- _Data entries_:
○ ○ ○ ○ ○ ○ ○

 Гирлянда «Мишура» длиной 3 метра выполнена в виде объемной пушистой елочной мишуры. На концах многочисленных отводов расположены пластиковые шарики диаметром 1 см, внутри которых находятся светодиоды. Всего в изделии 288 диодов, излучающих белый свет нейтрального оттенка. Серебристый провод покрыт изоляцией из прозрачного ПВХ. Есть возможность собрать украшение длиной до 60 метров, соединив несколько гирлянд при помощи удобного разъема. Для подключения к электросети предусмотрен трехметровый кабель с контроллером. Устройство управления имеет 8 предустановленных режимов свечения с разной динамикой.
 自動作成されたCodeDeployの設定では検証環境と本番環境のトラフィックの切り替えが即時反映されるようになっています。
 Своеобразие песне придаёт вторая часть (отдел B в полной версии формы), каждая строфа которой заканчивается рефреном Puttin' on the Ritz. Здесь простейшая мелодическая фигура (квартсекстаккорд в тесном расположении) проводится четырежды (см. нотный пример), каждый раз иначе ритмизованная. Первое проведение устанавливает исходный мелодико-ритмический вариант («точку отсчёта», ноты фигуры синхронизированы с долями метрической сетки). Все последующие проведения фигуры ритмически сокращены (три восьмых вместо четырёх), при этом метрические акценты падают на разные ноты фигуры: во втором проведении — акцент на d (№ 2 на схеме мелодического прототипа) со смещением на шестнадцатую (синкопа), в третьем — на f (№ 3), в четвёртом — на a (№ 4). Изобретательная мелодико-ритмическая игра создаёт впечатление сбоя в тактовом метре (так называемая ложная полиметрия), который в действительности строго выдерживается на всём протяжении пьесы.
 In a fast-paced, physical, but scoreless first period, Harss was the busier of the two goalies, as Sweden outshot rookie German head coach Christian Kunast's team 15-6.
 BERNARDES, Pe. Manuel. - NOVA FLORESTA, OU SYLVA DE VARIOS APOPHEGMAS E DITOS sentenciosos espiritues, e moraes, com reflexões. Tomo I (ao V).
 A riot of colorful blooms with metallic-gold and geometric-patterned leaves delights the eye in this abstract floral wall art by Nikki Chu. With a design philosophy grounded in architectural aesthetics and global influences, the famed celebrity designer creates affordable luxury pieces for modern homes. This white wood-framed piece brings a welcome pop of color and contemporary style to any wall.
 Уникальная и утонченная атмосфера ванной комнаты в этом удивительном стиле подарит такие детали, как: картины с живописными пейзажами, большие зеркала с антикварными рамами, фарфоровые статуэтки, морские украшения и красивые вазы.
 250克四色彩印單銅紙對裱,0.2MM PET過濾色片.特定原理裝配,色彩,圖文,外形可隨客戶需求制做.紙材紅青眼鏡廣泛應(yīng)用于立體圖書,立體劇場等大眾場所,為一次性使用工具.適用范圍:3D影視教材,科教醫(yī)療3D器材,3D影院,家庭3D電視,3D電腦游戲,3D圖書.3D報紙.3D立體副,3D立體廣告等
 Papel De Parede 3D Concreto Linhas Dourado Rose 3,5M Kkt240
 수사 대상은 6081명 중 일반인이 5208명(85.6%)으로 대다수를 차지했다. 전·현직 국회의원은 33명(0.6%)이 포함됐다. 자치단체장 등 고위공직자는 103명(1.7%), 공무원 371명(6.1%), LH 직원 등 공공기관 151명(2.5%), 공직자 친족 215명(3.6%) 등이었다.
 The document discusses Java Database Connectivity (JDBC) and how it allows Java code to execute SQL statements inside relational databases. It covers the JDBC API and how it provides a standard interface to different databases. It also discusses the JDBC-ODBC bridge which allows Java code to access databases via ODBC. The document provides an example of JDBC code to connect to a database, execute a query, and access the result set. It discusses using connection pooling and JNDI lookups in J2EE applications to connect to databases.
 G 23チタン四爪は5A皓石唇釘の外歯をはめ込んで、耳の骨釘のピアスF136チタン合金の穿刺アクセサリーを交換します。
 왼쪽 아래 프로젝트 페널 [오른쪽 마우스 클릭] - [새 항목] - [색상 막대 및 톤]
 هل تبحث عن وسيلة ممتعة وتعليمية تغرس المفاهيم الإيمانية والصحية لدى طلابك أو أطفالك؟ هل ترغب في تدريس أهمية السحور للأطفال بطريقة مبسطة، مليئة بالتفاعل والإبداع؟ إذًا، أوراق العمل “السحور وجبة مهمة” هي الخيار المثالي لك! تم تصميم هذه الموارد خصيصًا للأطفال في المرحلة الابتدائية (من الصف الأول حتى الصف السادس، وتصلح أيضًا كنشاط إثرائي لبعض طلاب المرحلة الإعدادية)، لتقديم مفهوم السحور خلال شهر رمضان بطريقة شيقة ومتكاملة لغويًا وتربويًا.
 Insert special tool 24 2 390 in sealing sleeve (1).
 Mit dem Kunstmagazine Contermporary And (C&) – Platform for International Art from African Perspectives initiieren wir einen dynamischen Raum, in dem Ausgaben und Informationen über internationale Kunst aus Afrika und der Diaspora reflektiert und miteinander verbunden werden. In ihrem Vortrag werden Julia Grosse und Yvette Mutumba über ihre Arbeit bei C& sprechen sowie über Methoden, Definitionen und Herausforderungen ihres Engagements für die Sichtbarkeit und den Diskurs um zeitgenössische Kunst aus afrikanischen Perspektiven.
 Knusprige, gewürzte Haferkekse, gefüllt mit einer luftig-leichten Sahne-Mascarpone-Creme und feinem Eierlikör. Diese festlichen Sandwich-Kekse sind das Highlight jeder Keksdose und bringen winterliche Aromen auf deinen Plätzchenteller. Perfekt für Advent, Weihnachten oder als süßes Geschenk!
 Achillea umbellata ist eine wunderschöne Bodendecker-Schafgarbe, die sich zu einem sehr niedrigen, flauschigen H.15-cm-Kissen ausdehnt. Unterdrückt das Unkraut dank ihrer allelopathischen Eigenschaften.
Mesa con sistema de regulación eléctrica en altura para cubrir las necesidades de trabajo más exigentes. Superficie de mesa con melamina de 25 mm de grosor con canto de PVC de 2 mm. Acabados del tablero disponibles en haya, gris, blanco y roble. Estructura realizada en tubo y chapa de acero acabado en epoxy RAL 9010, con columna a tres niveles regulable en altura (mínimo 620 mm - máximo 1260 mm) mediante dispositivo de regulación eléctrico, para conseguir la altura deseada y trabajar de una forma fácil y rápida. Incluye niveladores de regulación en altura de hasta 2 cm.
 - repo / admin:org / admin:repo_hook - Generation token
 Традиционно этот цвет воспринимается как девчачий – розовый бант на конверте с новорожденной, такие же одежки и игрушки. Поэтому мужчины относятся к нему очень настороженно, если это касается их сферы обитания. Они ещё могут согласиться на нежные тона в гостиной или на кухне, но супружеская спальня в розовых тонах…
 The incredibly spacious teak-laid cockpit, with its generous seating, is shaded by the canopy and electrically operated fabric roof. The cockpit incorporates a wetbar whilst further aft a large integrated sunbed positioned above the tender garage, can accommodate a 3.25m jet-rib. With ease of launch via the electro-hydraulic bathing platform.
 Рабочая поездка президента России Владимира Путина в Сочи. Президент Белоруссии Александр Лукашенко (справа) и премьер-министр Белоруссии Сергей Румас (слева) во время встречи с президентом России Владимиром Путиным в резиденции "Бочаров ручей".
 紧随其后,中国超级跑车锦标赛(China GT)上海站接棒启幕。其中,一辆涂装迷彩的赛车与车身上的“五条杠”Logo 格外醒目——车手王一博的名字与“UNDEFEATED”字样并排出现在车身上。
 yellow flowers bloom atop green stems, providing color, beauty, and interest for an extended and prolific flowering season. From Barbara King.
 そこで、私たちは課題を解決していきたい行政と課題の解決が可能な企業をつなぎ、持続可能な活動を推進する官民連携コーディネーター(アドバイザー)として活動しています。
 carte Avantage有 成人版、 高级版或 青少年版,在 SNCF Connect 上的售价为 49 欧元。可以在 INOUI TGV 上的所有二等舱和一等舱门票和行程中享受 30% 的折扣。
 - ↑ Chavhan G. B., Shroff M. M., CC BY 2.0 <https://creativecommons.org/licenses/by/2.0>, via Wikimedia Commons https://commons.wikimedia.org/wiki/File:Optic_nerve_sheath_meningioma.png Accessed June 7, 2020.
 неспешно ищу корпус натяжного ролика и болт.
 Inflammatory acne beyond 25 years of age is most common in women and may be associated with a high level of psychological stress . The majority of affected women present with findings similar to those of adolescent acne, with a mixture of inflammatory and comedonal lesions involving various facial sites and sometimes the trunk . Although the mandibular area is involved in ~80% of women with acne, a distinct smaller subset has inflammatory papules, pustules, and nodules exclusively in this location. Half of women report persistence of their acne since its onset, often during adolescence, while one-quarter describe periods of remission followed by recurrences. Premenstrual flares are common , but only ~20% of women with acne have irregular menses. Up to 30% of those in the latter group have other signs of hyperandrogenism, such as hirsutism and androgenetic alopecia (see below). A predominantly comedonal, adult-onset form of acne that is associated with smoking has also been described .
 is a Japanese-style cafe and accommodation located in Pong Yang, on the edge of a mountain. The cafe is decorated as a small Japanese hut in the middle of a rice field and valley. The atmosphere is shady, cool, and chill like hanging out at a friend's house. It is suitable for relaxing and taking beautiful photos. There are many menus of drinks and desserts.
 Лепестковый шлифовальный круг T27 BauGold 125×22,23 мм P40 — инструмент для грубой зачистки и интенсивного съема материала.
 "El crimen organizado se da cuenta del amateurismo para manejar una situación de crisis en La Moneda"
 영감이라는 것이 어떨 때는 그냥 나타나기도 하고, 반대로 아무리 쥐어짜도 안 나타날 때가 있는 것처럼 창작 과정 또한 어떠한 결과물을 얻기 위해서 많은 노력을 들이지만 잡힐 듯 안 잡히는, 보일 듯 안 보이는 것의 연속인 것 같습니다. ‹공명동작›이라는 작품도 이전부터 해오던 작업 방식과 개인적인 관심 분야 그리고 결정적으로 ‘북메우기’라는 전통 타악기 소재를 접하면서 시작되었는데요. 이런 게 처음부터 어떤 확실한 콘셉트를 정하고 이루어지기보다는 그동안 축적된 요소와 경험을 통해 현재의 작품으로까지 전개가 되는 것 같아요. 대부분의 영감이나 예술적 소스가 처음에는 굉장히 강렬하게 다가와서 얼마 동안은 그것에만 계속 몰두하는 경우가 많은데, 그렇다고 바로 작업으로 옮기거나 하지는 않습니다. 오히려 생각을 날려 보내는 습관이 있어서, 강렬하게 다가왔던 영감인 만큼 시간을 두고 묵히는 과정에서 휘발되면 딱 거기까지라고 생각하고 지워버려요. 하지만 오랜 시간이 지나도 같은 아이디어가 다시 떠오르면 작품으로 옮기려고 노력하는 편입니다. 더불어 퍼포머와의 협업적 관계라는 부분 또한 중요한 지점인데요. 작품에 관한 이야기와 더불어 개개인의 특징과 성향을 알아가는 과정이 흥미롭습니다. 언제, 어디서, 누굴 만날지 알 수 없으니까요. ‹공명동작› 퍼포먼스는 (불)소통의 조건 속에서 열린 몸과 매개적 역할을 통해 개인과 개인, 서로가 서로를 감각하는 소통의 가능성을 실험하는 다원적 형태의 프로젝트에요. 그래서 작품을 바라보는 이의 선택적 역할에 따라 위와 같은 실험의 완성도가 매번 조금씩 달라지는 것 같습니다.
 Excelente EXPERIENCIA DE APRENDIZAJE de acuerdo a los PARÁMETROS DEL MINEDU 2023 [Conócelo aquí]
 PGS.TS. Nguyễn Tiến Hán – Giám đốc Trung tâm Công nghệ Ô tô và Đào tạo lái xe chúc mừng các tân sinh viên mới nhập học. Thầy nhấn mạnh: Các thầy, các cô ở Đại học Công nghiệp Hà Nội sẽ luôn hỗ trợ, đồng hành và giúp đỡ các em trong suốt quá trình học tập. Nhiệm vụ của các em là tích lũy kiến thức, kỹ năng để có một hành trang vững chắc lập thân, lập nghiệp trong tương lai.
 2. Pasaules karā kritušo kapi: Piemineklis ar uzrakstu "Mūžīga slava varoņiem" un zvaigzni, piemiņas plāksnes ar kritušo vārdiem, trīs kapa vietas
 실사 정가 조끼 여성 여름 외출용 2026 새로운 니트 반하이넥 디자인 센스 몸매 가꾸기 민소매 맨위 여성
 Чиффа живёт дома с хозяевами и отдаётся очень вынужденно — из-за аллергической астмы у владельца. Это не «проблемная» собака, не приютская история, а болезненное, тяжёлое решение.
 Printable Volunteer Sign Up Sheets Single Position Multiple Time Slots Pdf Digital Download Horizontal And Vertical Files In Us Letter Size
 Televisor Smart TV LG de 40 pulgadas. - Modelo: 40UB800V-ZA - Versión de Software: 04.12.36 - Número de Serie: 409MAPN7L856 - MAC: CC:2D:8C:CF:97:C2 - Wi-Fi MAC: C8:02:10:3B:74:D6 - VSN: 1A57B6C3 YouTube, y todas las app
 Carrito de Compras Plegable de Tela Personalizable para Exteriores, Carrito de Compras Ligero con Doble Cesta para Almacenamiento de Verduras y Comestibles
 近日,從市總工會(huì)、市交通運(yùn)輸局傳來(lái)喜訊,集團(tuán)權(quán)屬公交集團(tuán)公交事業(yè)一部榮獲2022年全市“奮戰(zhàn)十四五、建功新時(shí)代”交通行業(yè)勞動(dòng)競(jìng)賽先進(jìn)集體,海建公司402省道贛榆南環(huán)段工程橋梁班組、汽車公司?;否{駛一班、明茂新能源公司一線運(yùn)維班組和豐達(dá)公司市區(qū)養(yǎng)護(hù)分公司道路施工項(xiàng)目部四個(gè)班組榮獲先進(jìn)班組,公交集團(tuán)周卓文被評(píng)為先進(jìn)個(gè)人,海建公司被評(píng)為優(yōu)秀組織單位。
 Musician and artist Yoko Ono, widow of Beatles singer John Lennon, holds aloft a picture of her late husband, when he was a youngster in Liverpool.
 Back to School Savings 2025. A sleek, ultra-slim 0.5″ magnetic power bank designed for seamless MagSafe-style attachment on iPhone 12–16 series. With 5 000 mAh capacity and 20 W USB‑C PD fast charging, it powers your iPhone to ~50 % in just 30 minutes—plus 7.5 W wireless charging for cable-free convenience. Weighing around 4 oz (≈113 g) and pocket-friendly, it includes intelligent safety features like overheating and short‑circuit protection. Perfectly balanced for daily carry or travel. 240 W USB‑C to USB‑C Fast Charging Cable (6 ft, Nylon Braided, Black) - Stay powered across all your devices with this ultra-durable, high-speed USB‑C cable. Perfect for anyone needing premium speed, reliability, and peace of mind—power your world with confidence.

○ ○ ○ ○ ○ ○ ○

Retype the entries exactly from the first line, stopping after the line with "自動作成されたCodeDep".

- _Output of the task_:
 Гирлянда «Мишура» длиной 3 метра выполнена в виде объемной пушистой елочной мишуры. На концах многочисленных отводов расположены пластиковые шарики диаметром 1 см, внутри которых находятся светодиоды. Всего в изделии 288 диодов, излучающих белый свет нейтрального оттенка. Серебристый провод покрыт изоляцией из прозрачного ПВХ. Есть возможность собрать украшение длиной до 60 метров, соединив несколько гирлянд при помощи удобного разъема. Для подключения к электросети предусмотрен трехметровый кабель с контроллером. Устройство управления имеет 8 предустановленных режимов свечения с разной динамикой.
 自動作成されたCodeDeployの設定では検証環境と本番環境のトラフィックの切り替えが即時反映されるようになっています。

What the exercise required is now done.